■ Provided information
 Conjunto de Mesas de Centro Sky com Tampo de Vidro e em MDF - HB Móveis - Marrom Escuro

---

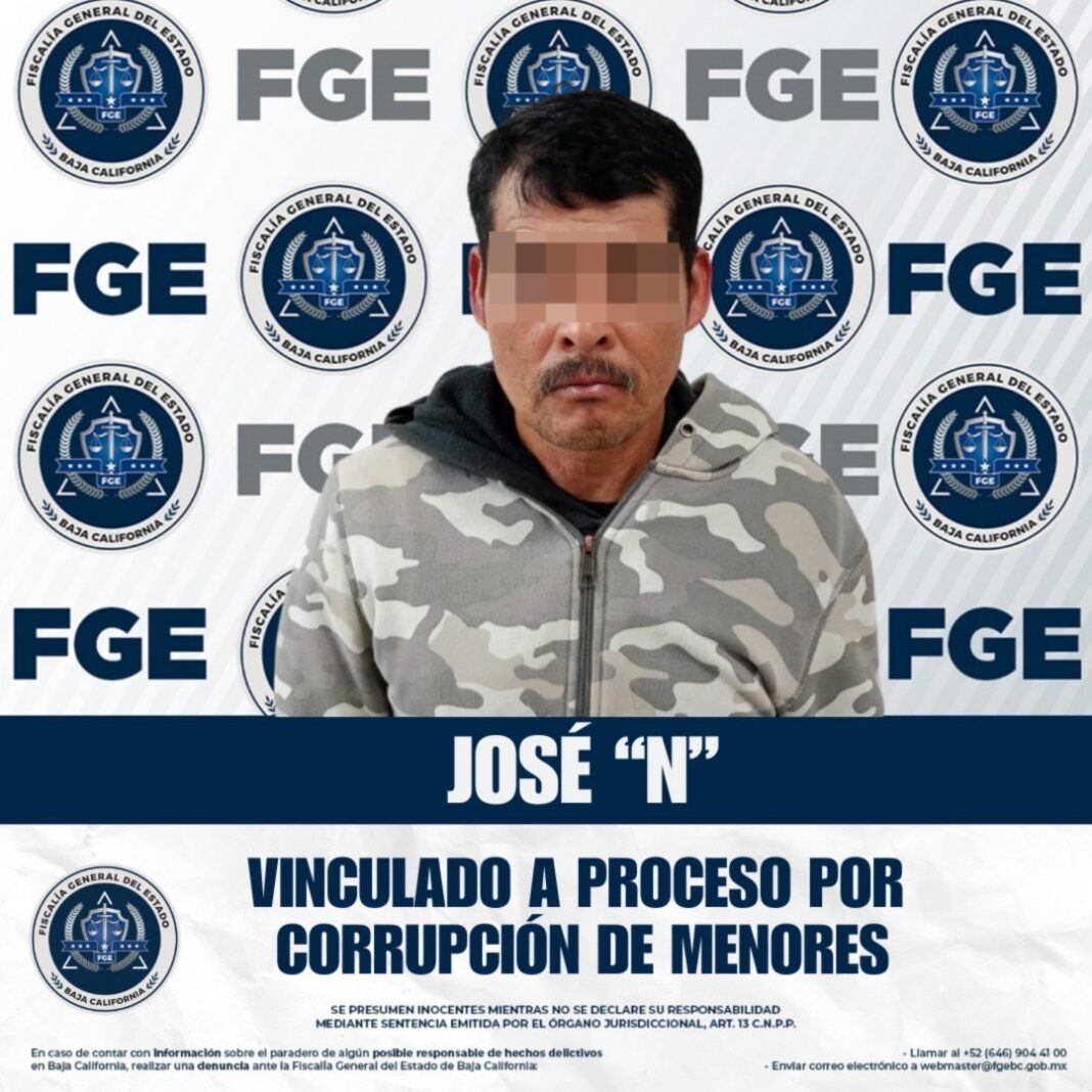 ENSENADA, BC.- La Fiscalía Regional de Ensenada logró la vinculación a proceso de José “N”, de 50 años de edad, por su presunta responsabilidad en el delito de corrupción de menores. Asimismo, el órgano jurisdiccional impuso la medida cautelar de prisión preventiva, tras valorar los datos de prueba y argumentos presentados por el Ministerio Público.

---

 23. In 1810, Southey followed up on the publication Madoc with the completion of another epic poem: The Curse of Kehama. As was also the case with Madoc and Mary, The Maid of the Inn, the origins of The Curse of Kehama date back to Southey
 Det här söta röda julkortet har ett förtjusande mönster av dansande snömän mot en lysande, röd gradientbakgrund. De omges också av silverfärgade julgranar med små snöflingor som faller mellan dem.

■ Prompt
Using the data above, reproduce exactly the lines between those holding "23. In 1810, Southey" and "Det här söta", inclusive, and no others.

■ Solved exercise
 23. In 1810, Southey followed up on the publication Madoc with the completion of another epic poem: The Curse of Kehama. As was also the case with Madoc and Mary, The Maid of the Inn, the origins of The Curse of Kehama date back to Southey
 Det här söta röda julkortet har ett förtjusande mönster av dansande snömän mot en lysande, röd gradientbakgrund. De omges också av silverfärgade julgranar med små snöflingor som faller mellan dem.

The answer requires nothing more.